Goal of the exercise: Pictures excluded, retype the lines from the one containing "Sr. Getulio Vargas" through the last line of the data below, both included.

Material for the task:
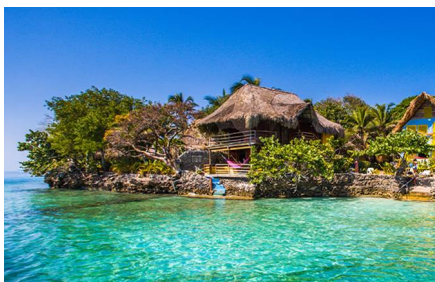
Islas del Rosario
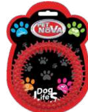
Zabawka dla psa ringo czerwone aromat mięta 12,5 cm S07030000059
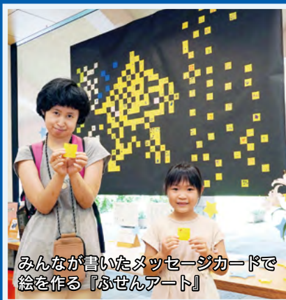
みんなが書いたメッセージカードで絵を作る『ふせんアート』
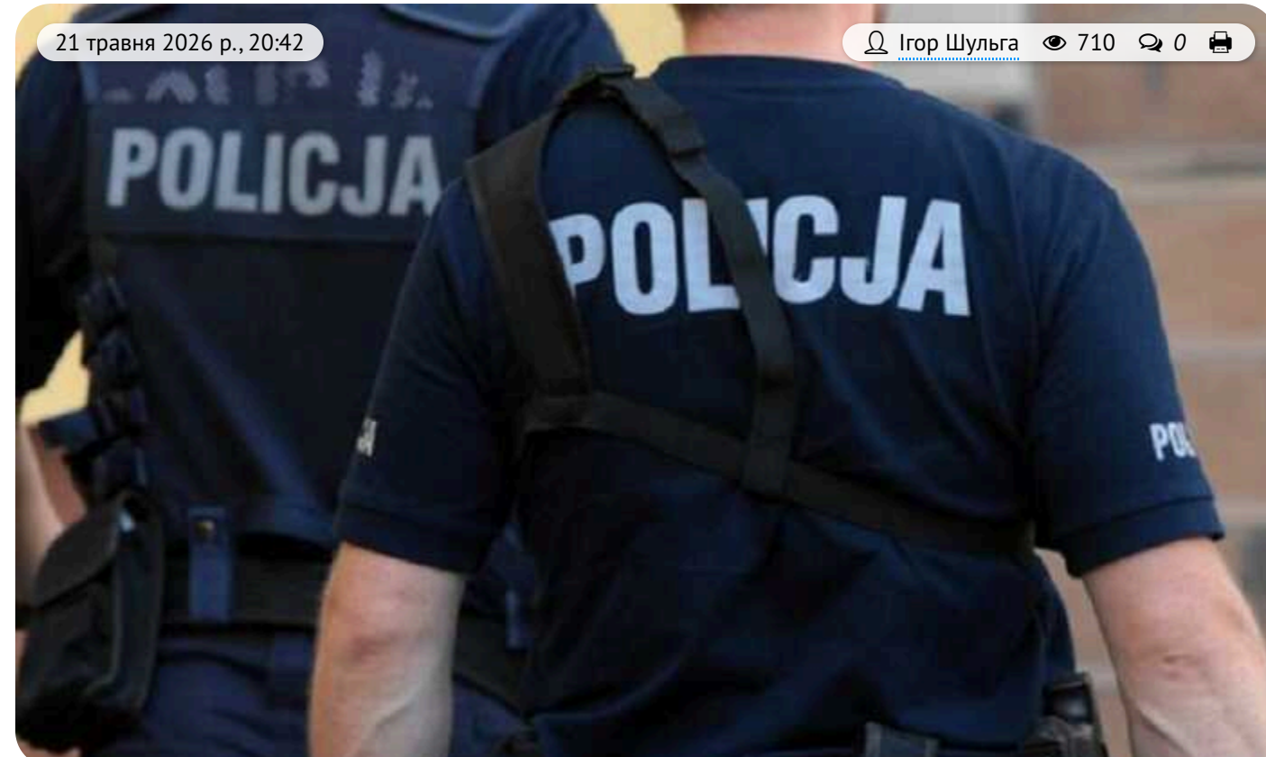
У Польщі затримали трьох чоловіків, яких підозрюють у шпигунстві на користь Росії

12 травня у польському місті Білосток правоохоронці затримали трьох громадян віком 48, 50 та 62 роки. За даними слідства, їх координував громадянин Росії, пов'язаний із ФСБ.
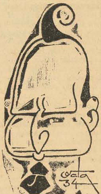
Sr. Getulio Vargas

ram ultimamente no cenário politico do Estado e da Republica — afim de que, assim de tudo informados, possam decidir com acôrto.
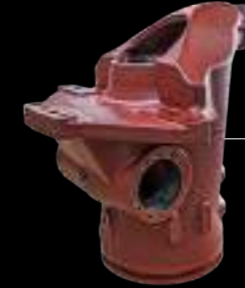
SUPPORTO / crane rotating base
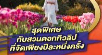
สุดพิเศษ กับสวนดอกทิวลิป ที่จัดเพียงปีละหนึ่งครั้ง
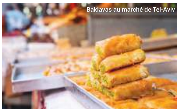
Baklavas au marché de Tel-Aviv

Nous visiterons le marché multicolore du Carmel et nous imprègnerons de l'ambiance qui règne dans cette vibrante métropole.

Task result:
Sr. Getulio Vargas

ram ultimamente no cenário politico do Estado e da Republica — afim de que, assim de tudo informados, possam decidir com acôrto.
SUPPORTO / crane rotating base
สุดพิเศษ กับสวนดอกทิวลิป ที่จัดเพียงปีละหนึ่งครั้ง
Baklavas au marché de Tel-Aviv

Nous visiterons le marché multicolore du Carmel et nous imprègnerons de l'ambiance qui règne dans cette vibrante métropole.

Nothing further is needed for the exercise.